Filippo Veltri ci parla di una storia poco conosciuta, ma affascinante, sulla nostra terra e l’immigrazione.

Quella che stiamo per raccontarvi è un’altra vicenda della Calabria poco conosciuta ma esemplare. Esemplare di che? Di tante cose che potevano, potrebbero, andare in un modo e che invece vanno in tutt’altra direzione; di come taluni si impegnano per davvero ma sono frenati e poi fermati e alla fine pagano pure un prezzo altissimo! Storia che rimanda a quella conosciutissima di Mimmo Lucano di Riace.

Ce la racconta Ilario Amendolia, che qui sulla Riviera non ha bisogno di presentazione ma noi la facciamo lo stesso: ionico di Caulonia, saggista e penna di rilievo nel panorama non solo calabrese ma nazionale. Ilario è stato anche un uomo politico di primo piano nella sua Caulonia, altro centro di rilievo storico della Locride come Riace, che dista tra l’altro pochi chilometri. Lui questa storia la definisce così: ‘’storia di una moneta non antica ma “fuori corso “e fuorilegge “.
Il bonus -moneta che pubblichiamo è stato, infatti, stampato dalla casa editrice di Mimmo Garreffa nel 2010 ed è stata usata dagli immigrati ospiti a Caulonia.
La moneta è stata usata in versione diversa a Riace e Caulonia per acquistare il cibo e beni dì prima necessità. Era un modo per integrare gli ospiti e dare loro la possibilità di scegliere cosa mangiare e come spendere i soldi.
‘’Un’esperienza di assoluta avanguardia – dice Amendolia – che ebbi l’opportunità di illustrare nella riunione dei Comuni di Europa che si tenne nel 2010, al castello dell’Ovo a Napoli ed io fui incaricato dal Ministero dell’interno di illustrare la nostra esperienza’’.

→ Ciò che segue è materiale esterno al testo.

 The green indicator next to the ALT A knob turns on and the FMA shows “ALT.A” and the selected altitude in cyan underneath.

Esperienza troppo avanzata per non essere fermata. Ed infatti prima Amendolia e poi Mimmo Lucano (che pagò un prezzo molto più pesante) furono fermati. Come è finita (per ora) la vicenda giudiziaria di Lucano e’ noto ma quella moneta rappresenta in un certo senso il simbolo di un modello cercato e attuato di concreta solidarietà. Di accoglienza e non di sfruttamento, di aiuto all’economia locale persino.

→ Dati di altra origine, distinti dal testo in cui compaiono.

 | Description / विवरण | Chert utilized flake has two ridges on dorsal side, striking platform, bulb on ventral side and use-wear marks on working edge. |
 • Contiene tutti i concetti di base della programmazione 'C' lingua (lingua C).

La moneta di Caulonia ha come sfondo l’affresco bizantino che si può ammirare in tutta la sua bellezza a Caulonia centro insieme ad una copia dell’artista Luigi Gallo collocata dinanzi alla Chiesa di San Zaccaria e sempre nel centro di può vedere il busto a Tommaso Campanella realizzati da Luca Carni. Artista quest’ultimo molto apprezzato anche fuori dai confini regionali. Il filosofo calabrese, autore della Città del Sole è ben evidente nella moneta di Caulonia.

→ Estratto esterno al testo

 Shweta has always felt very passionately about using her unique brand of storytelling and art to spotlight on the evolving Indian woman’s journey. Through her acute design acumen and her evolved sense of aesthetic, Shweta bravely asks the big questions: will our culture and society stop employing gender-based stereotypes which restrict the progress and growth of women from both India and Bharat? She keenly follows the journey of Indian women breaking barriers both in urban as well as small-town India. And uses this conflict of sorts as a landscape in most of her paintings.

Infine le parole della Rivoluzione francese “Libertà, Uguaglianza, fraternità” a cui ‘’abbiamo aggiunto – dice ancora Amendolia – il nostro “No al razzismo”.
Campeggia su tutto la scritta che richiama alla Repubblica Rossa di Caulonia del 1945.Niente è stato lasciato al caso.
La moneta è un momento alto del Progetto Caulonia, che si collocava all’ interno  del progetto d’urto della Locride, oggi più che mai tornato d’attualità.